# Pro Plan or Acana?



## YellowLab (Jul 18, 2011)

I know this would be obvious to most people but ive trid my lab on Orijen for 3 months and it did nothing for her at all. VERY dull coat, no extra energy (in a good way), copious amount of poop and a whole host of other things. I put her onto Pro Plan sensitive as i know a lot of people with labs who do well on Pro Plan and her coat improved massively compared to being on Orijen and she does seem to have more zip about her on walks and she has definately built up more muscle on the Pro Plan but im aware that the ingredients arent that good. So im kind of torn between trying her on Acana or keeping her on the Pro Plan. Do I forfeit the good coat, energy levels and everything else that has improved for better ingredients in Acana?


----------



## SixStar (Dec 8, 2009)

Normally I'd say no contest between Acana or Pro Plan - Acana all the way.

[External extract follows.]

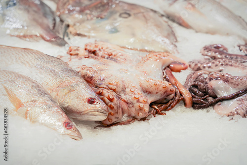 Naklejka premium Fresh octopus and fish on ice in supermarket. Sale of seafood. Open showcases , counter of seafood market
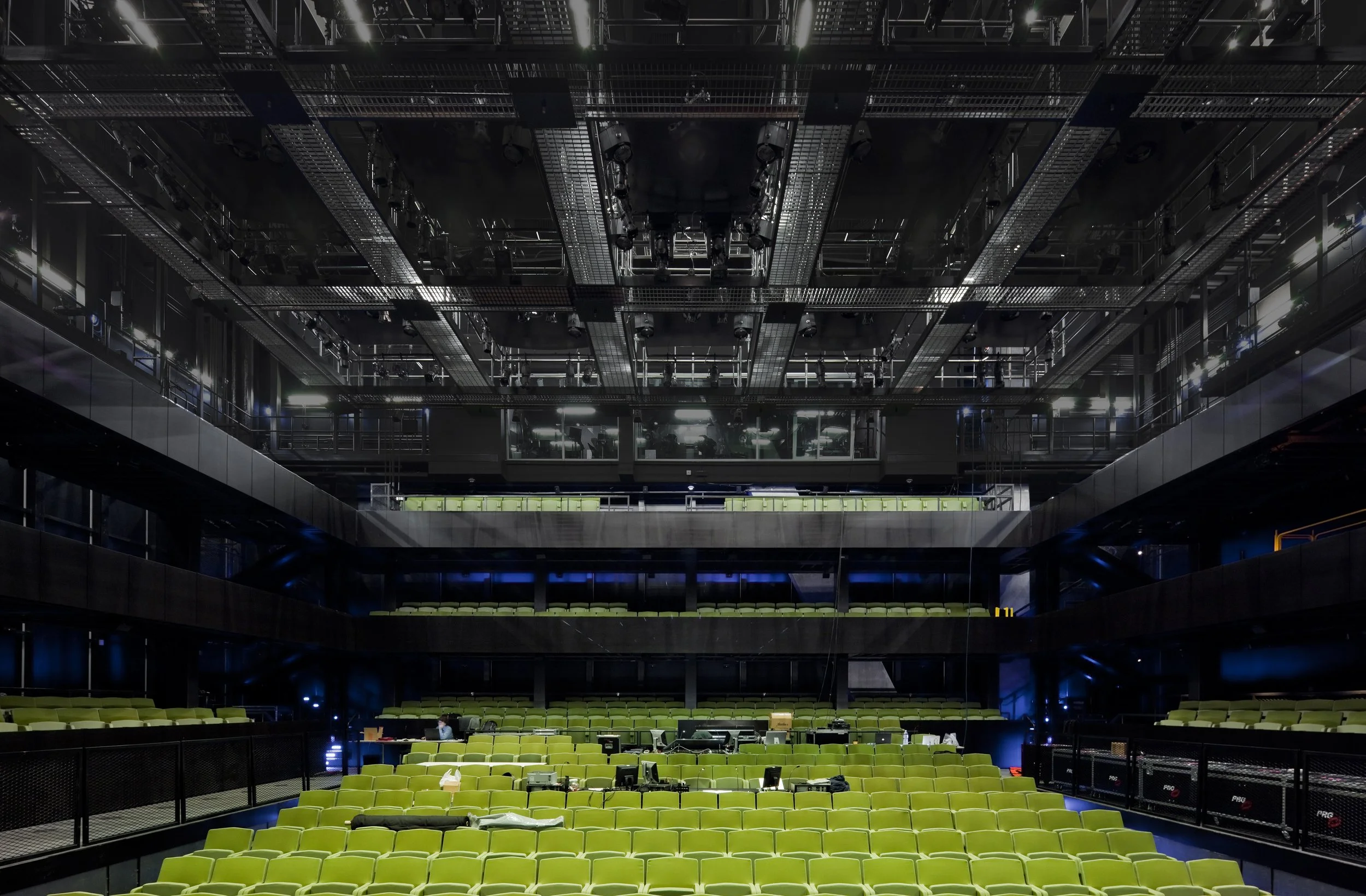 The project included the interior and exterior lighting for a theater building and a 20 acre park and plaza. The theater building features a unique design with vertically stacked back of house spaces allowing for pedestrian views into the theater as well as audience views of the surrounding outdoor park and plaza. The glass acoustic enclosure includes blackout blinds that have a faux curtain image silk-screened on the exterior face. These are washed with light from exterior fixtures concealed within the exterior aluminum tubes of the facade. TDA also worked on the lighting of the façade signage perforated into the aluminum facades and back-lit with light pipe. The raw interior spaces expose the building’s structure and the inner workings of the theatre with the light fixtures supporting this industrial aesthetic in their pure, simple forms.

But if you've already tried Orijen and that did nothing for her (it's an excellent food, but like everything, not all foods will suit all dogs) then I'm tempted to say keep her on the Pro Plan for now - Acana isn't hugely different to Orijen, and if she's doing so well on the Pro Plan, I'd stick with what works. Pro Plan isn't the best food by any means, but it's certainly no Bakers! 

In a couple of months time, you could always look at changing the Pro Plan for something better.


----------



## OllieBob (Nov 28, 2010)

3 months is too soon to see the full changes to the coat. She needs to go through a full moult first then the difference will be seen.


----------



## FRAZ (Mar 10, 2009)

Which of the Orijen varities were you using? For a boost to coats we suggest the 6 Fish variety.
Also how long was a bag of Orijen lasting? A 13.5kg bag we suggest should last between 5-6 weeks for an adult dog such as yours. I query this as the lots of pooh make me think you are feeding too much, making your dog sluggish trying to digest food.

Another brand to look at could be Barking Heads Fusspot. I suggest this as the company is keen on quality ingredients, and the salmon content will help with your dogs coat.

Cheers Fraz.


----------



## Jasper's Bloke (Oct 30, 2009)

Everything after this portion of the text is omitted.